Видимо, тот, кто его облапил, не ожидал такого явления из дверей, поскольку высвободился Ероха очень быстро и кинулся бежать. Ему было уже все равно, что скажет Ржевский, что будет с Нерецким, — он спасал свою жизнь и от сознания гибели, вроде той, в полынье, совсем очумел. И он даже не понял, что означает крик у него за спиной:
— А ну, выходи! Выходи по одному! Ишь, сучьи дети! Тут вам и карачун настал!
Винный погреб, который облюбовали для встреч шуры и мазурики, должен иметь даже не два выхода, а больше. Но те, кто решил, получив тайную подсказку, захватить и Ворлыхана, и его братию, и скупщиков краденого добра, знали лазы и выходы не хуже воров.
Весь квартал огласился матерными воплями. Ероха, заскочив за угол, прислушался наконец и понял, что нужно убираться подальше, а потом уж докапываться, что это за Божья кара.

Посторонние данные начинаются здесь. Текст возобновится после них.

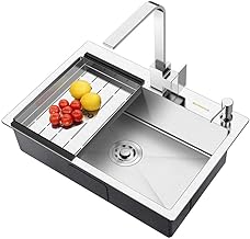 Outils de Cuisine Évier À une fente Cuisine 304 En Acier Inoxydable À Un Évier Lavabo Évier Dessus En Haut Et En Dessous De Bassin Épaissie Ensemble Profond 4 Pièces (Évier + Robinet + Drain + Tuyau E

Вдруг мимо него очень быстро пробежал человек и на бегу выбросил тяжелый узел. Человека преследовали двое с криками «стой, стой!», да разве криками удержишь? Ероха вжался в стенку, его не заметили, а узел шлепнулся у его ног.
Ему уже стало ясно, что это полиция после очередной особо дерзкой кражи гоняет шуров, а в узле скорее всего воровская добыча, по-байковски — дуван, который хотели в винном погребе сдать скупщику, по-байковски — мошку.
Ероха усмехнулся, подхватил узел и скрылся в переулке, откуда мог пробраться во двор дома на Второй Мещанской. Узел мог пригодиться, если шуры уцелеют и придут с неприятным разговором о странном Ерохином поведении.
— Нет, — сказал Ероха вслух, — нет, голубчики мои, нет и нет. Кажись, выучился…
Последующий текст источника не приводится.